In April, I reintroduced it to the group that found the H-Group Conventions, and it exploded. We played Hanabi multiple times a week and I fell in love with the complexity of the game.

Conventions in Hanabi

A convention is an agreement between players about a particular action that signals more information than is explicitly given. Conventions are common in bridge for partnerships to reveal extra information about their hand during the auction.

There's a surprising amount of controversy around conventions in this game. Lots of people call playing with conventions "cheating", "making the game too easy" and "taking the fun out of the game". They point to the rules saying that "you can only communicate with your teammates when you give them information", so adding extra information through conventions isn't allowed.

Unless you have a very lucky deck, there aren't enough clue tokens to get a perfect score with certainty. Eventually, you run out of clues and need to "guess" either a play or a discard with partial information. This is what most players learn when they play Hanabi for the first time. The game can't be solved just by giving information-efficient clues, but if you understand your teammate's state of mind when they perform actions, you can act on them without needing complete information. This can be formalized into a "convention".

A simple example of this: from the rules, players know that cluing 1 at the beginning of the game indicates that at least one 1 can be played. But using colour clues to prove that the other 1s are also safe to be played is very clue-intensive. Eventually, you realize that after being clued 1s, you can just play all of them and trust that your teammates will do something if you shouldn't (or wouldn't have clued 1 in the first place). Now a 1 clue can get multiple cards to play, instead of just one.

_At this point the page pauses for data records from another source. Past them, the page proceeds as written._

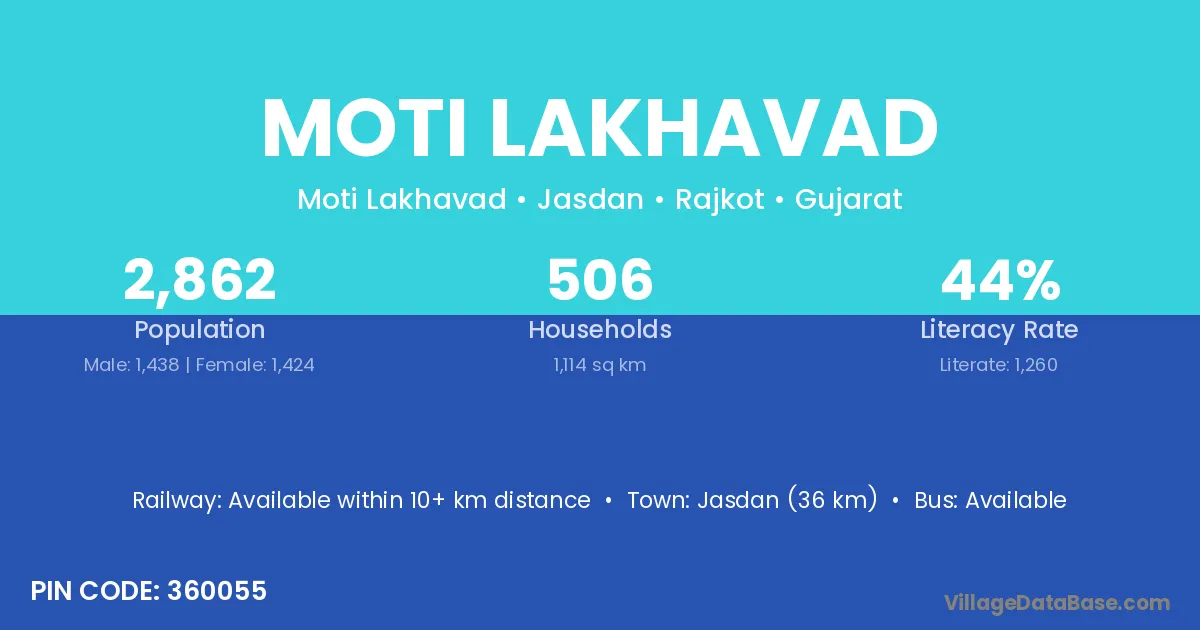 Jasdan (36 km) is the nearest town to Moti Lakhavad village for major economic activities and is located approximately 36 km away.
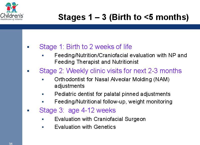 Here are a few slides –Thanks to Kipp Ellsworth for coordinating these talks and making slides available. The first group of slides explains who and how to evaluate for feeding problems, the next group discusses the specific role of the craniofacial team, and the last group of slides discusses nutritional management.
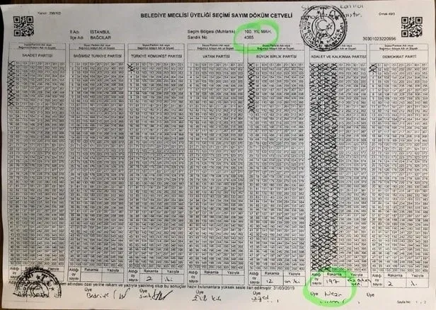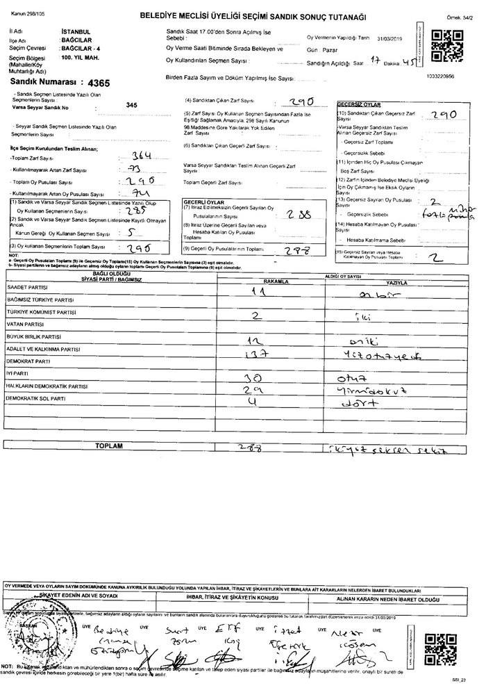 Bağcılar 100. Yıl Mahallesi'ndeki 4365 No'lu sandıkta ise belediye meclis üyeliği seçiminde AK Parti 197 oy almasına rağmen oyu 137'ye düşürüldü. AK Parti'nin aldığı 60 oy seçim sandık tutanağına eksik yazılmış
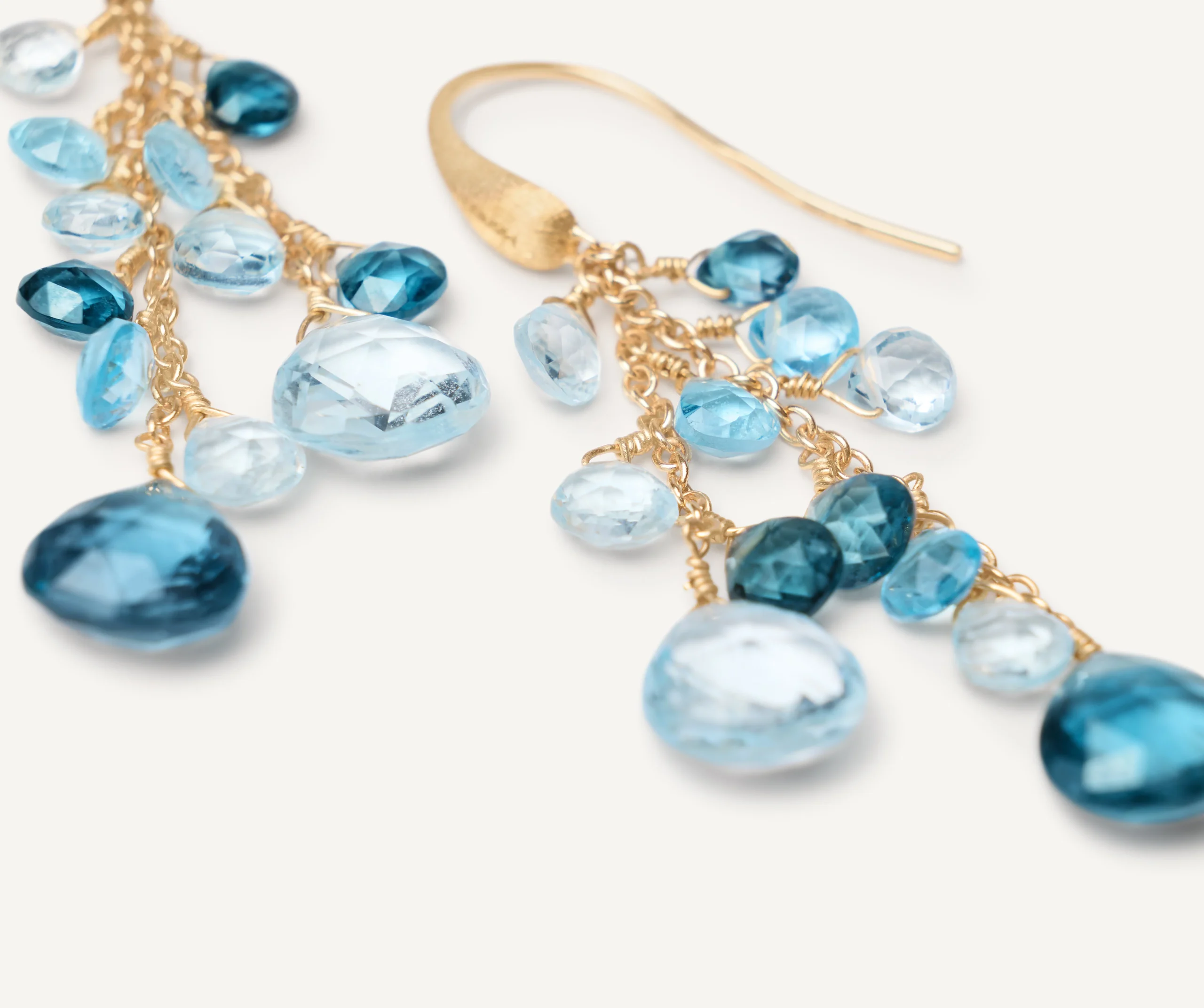 Ці сережки з кількох пасм із топазами — витончений акцент, що поєднує легкість руху й багатство кольору. Каскад топазів у формі серця, підібраних у різних відтінках блакитного, створює ніжний градієнт і водночас привертає погляд глибиною сяйва. Жовте золото 18 карат, з якого виконано гачок, вигравійоване вручну за стародавньою флорентійською технікою, надаючи металу характерної оксамитової текстури.
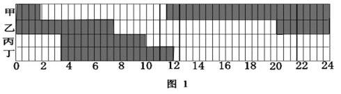 2、单选题  第30届奥运会于英国伦敦夏令时(比标准时间快一小时)7月27日20:12开幕,图1是开幕当日四个城市的昼夜长短分布示意图,图中阴影部分表示黑夜,读图完成问题。
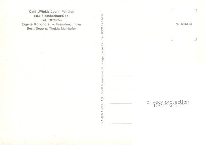 72972598 Fischbachau Cafe Winklstueberl Pension Terrasse postalisch nicht gelaufen Erhaltung siehe scans [FriedD77] KatCode: 11110009182114

Some people get hung up on the explicit agreement of conventions. "If you naturally discover such guidelines, that's okay, but agreeing to them before the game starts is cheating." Maybe during the game you discover that one person is very aggressive and plays cards right away, while another is very risk-averse and tends to always give clues on their turn unless they have complete information. This is meta-information that is also not covered under the rules, but is generally considered okay to act on as well.

Personally, I find the game to be quite difficult and luck-based without conventions. Perhaps the game is fundamentally changed with their addition, but the new game has its own interesting decisions. I'd say it also depends on the set of conventions you're using. Even among players that play with conventions, a particularly strong convention set known as "hat-guessing" which involves modular arithmetic is typically frowned upon due to being "too strong" and reducing the game to just math.

I think hat-guessing can be fun in its own way: it reduces the game more to sort of a puzzle where you have to find a sequence of actions that can get a perfect score. Not all Hanabi decks can get a perfect score due to the end condition, and some decks can only reach a perfect score if the players distribute important cards evenly between everyone's hands. The stronger the convention set is, the more the game becomes an exercise to prepare for and react to bad decks.

Addendum

Part of the online discourse on Hanabi is also centered around the unfriendly nature of players on BoardGameArena. Players there are matched into games randomly based on their ELO. Without playing against the same people over and over again, it's impossible to understand what the intentions of their actions are. It seems like conventions that are widely agreed-upon would be a great solution, but new players don't know about them and maybe are in the camp that don't want to play with conventions.

I haven't played there myself personally, but I hear reports of players criticizing others for their actions after the game. Some players expect their conventions to be followed exactly and ridicule others for giving "useless" clues. Obviously, this turns off newcomers who might not even undrstand why such a convention exists. In fact, I feel the same way about playing games like Town of Salem online. If you don't know the "meta", you're immediately shamed, which has to be one of the worst new experiences you could possibly have for a game.